Артур снял трубку таксофона, быстро стал набирать номер и замер, вспоминая последнюю цифру: «семерка» или «девятка»? Обычно он ошибался и потому, не рассчитывая на память, пользовался записной книжкой, но сейчас ее под рукой не было. Или до сих пор валяется в сейфе кого-нибудь из оперов, проводивших у него дома обыск, или спрятана где-то у матери, если они удосужились вернуть изъятые вещи. Набрал «семерку», дождался соединения:
– Здравствуйте, Антона позовите, пожалуйста.
– Минуту.
То обстоятельство, что номер удалось вспомнить верно, показалось хорошим знаком. Судьба на его стороне… Или наоборот, заманивает в ловушку?
– Слушаю.
– Шмель? Здорово, братуха! Антон как будто не удивился:
– Ты откуда?
– Из кабинета начальника. Пустил позвонить за косяк анаши. Ты один?
Пауза.
– Я давно один.
Теперь уже Заваров помолчал, стараясь подобрать слова поделикатнее, чтобы не бередить незатянувшуюся рану. Таксофон предупреждающе пискнул, и Артур поторопился опустить в щель двухрублевую монетку.
– Меня отпустили.
– Вчистую?
– Боюсь, что ненадолго. К тебе можно?
– Зачем спрашиваешь? Мог и не звонить.
– Я опасался, что могут быть посторонние.

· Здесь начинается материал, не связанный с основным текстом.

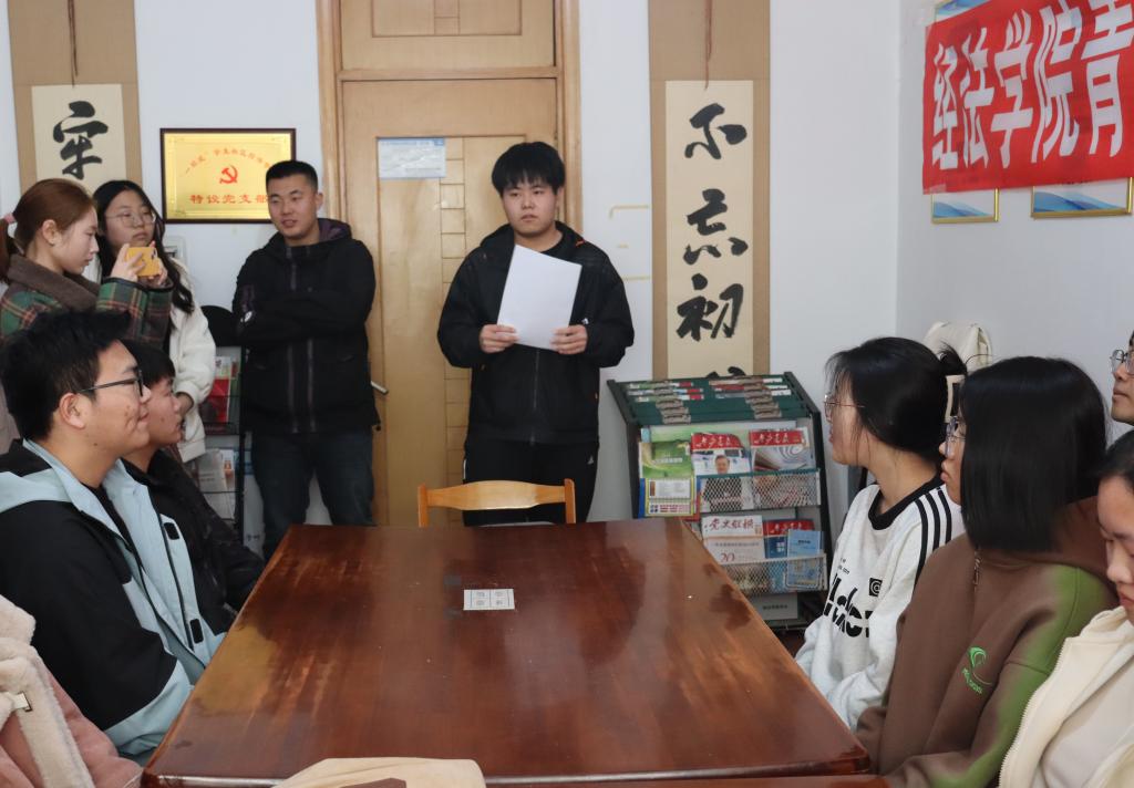3月29日,經(jīng)法學(xué)院于知行居103黨團(tuán)活動(dòng)室開展“一站式”學(xué)生社區(qū)沙龍--專業(yè)知識(shí)導(dǎo)航未來(lái)職場(chǎng)主題活動(dòng)。本次活動(dòng)由學(xué)院學(xué)生會(huì)生活權(quán)益部干事申佳鷺主持,金融科技22-2劉浩辰作學(xué)習(xí)經(jīng)驗(yàn)分享,經(jīng)法學(xué)院共計(jì)18名2023級(jí)本科生參加活動(dòng)。

– Чужие здесь не ходят. Когда тебя ждать?
– Подскажи, сколько времени, а то эти сволочи мне часы не вернули.
– Двадцать двадцать шесть.
– Не хочется твоим соседям глаза мозолить…

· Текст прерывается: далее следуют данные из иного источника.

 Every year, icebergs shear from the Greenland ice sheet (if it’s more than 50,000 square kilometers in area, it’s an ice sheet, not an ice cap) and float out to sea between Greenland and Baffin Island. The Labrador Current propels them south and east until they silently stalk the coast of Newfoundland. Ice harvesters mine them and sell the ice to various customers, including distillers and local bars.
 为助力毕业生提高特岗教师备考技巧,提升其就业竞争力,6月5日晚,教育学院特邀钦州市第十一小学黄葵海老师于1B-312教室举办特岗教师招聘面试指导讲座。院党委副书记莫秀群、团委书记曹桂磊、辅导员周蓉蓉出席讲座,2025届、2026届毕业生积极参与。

Три четверти часа спустя Заваров сошел с автобуса. Рядом с остановкой располагался продовольственный магазин. Несмотря на позднее время, входная дверь была открыта и доносились возбужденные голоса – то ли качал права кто-то из покупателей, то ли отмечали конец рабочего дня продавцы. Оказалось – второе. Кроме двух женщин в белых халатах, в зале находились трое мужчин. Один был в камуфляжной форме без знаков различия, другие – в обычных куртках и брюках, заправленных в резиновые сапоги. Все трое держали в руках бутылки пива, на прилавке перед ними белела газета, на которой стояли бутылка и тарелка с немудреной закуской. Увидев лицо мужчины в форме, Заваров обомлел. Он не помнил фамилии, но был уверен, что тот носит звание майора внутренней службы и работает в оперчасти следственного изолятора. В тюрьме им общаться не доводилось. Артур запомнил мента совершенно случайно и полагал, что тот его не знает. Скорее всего, майор здесь живет или приехал в гости, а не находится по долгу службы, ожидая недавнего зека, чтобы заново препроводить его в тюрьму. Но если следователь уже прочухался и успел объявить розыск, как поведет себя этот «кум»? Попробует задержать, рассчитывая на помощь собутыльников или отвернется, сделав вид, что не признал разыскиваемого преступника? Внешний вид майора наталкивал на мысль о первом варианте. Драки Артур не боялся, был уверен, что раскидает всех троих. Лишь бы у мента не оказалось пистолета… Впрочем, и пистолет тому вряд ли поможет. Он ведь не техасский рейнджер, десять раз подумает, прежде чем обнажить ствол и уж тем более осмелиться выстрелить. Нет, «макарка» ситуацию не переломит, но очень хотелось бы выкрутиться без драки. Не из уважения к погонам – после ареста Заваров утратил последние остатки хорошего отношения к сотрудникам МВД, – а хотя бы для того, чтобы не подставлять Шмеля. Опера наверняка его вычислят и запрессуют так плотно, что небо с овчинку покажется.
Отступать было поздно. Одна из продавщиц повернулась к Артуру, всплеснула руками и недовольно спросила, не из любопытства, а ради скандала:
– Молодой человек, вы что, не видите: у нас закрыто! Господи, да что ж такое! Дай волю, так до самого утра будут шоркаться, ни минуты отдохнуть не дадут.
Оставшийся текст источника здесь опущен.